On behalf of the dedicated board of directors and staff of the Family Justice Center, please allow a moment to set the record straight. The Family Justice Center model is recognized by the U.S. Department of Justice as a “best practice” in addressing the issue of domestic violence.
It’s a simple concept — bringing all of the services a victim of domestic violence might need into one safe, friendly location.
With everything in one location, the victim has to get up the courage one time to get all of his/her needs met instead of having to build up that courage over and over again for every needed service. It’s also safer this way, with services at the FJC provided behind bullet-proof glass and walls, so the victim does not have to go place to place, exposing him/her to danger from the abuser.
It’s very clear that there is no duplication of service; instead the Family Justice Center promotes the efficient and effective use of limited resources. Less than 7 percent of those coming to the FJC were linked with shelter; most were able to be safe and move toward a healthy future without the disruption of going to a shelter. With about 20 programs all working together as one team, the victim was able to get everything needed in a manageable way.
In order to house staff from a variety of agencies and programs, the FJC chose a location on one of the busiest bus lines in the county that was large enough to provide space for staff.
The results of the Family Justice Centers across the country are indisputable. Lives are saved and batterers are more likely to be held accountable. There are more than 80 in the United States, and almost 140 worldwide. Every one of the U.S.-based Family Justice Centers is completely or primarily funded by their county government. These communities recognize the importance of providing the FJC’s infrastructure for public safety, knowing that domestic violence is not only dangerous to the victim and family, but also to law enforcement and innocent bystanders.
The Children’s Board of Hillsborough County was the Family Justice Center’s largest funder for several years. Last year, the Children’s Board shifted its funding to primarily support agencies working with children up to age eight, which cut their support to the FJC by half. This cut resulted in a one-third shortfall in the annual budget.
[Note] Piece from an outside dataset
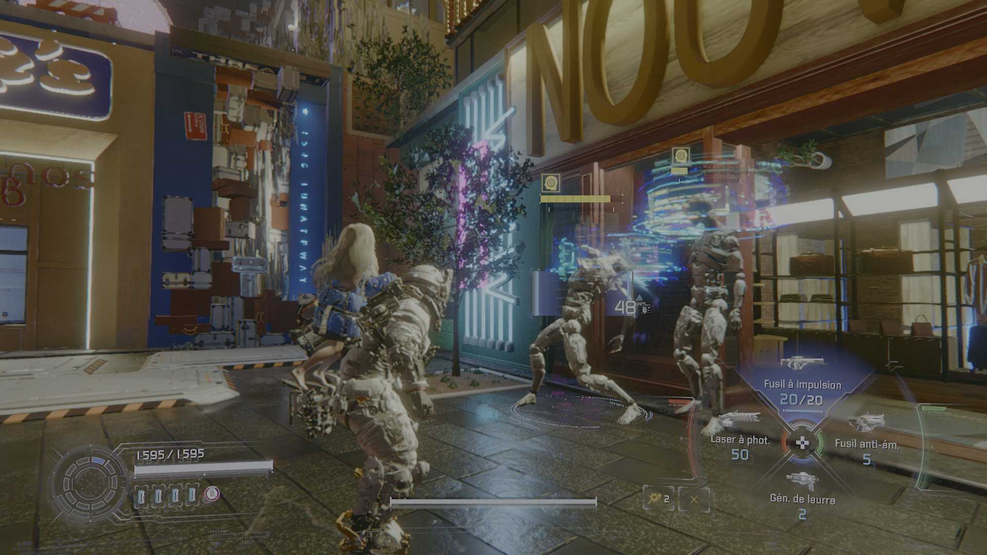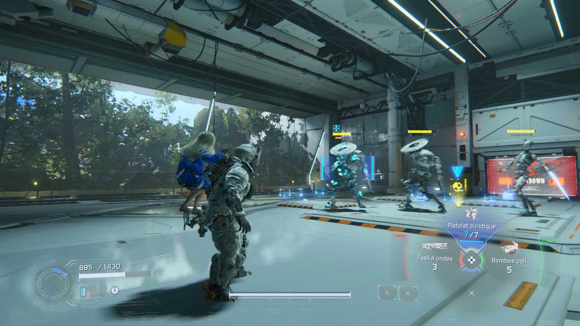 Les niveaux paraissent linéaires de prime abord, mais fouiller les recoins est fortement conseillé : des murs hologrammes dissimulent des munitions, et les bonus d'amélioration font toute la différence. À chaque mort, vous revenez au refuge, un espace sûr où vous gérez votre équipement avant de repartir à l'assaut – une mécanique stratégique qui a cependant le défaut de vous sortir brutalement de l'histoire.

FJC worked to make up that difference by reducing expenses as much as possible and doubling fundraising from the previous year.
In early June, there was a meeting with elected officials that resulted in a plan to shift some funding to the Family Justice Center. That plan was presented to the County Commission on July 17.
Instead of approving the funding measure, a motion was made to have county staff study the FJC finances and come back with a report within 60 days. As the FJC clearly would not survive another 60 days, supporters pleaded at the next County Commission meeting to award additional funding to the FJC, and were once again turned down. Five weeks later, the county staff presented an error-filled report to the County Commission; however, by that time, the FJC had closed and the Children’s Board had re-allocated its funding to other agencies.
Contrary to news reports that there was “mismanagement” at the Family Justice Center, the FJC staff and board were responsible in the use of funds. The Family Justice Center saves lives and should be funded by county government.
Nikki Daniels is executive director of the Family Justice Center.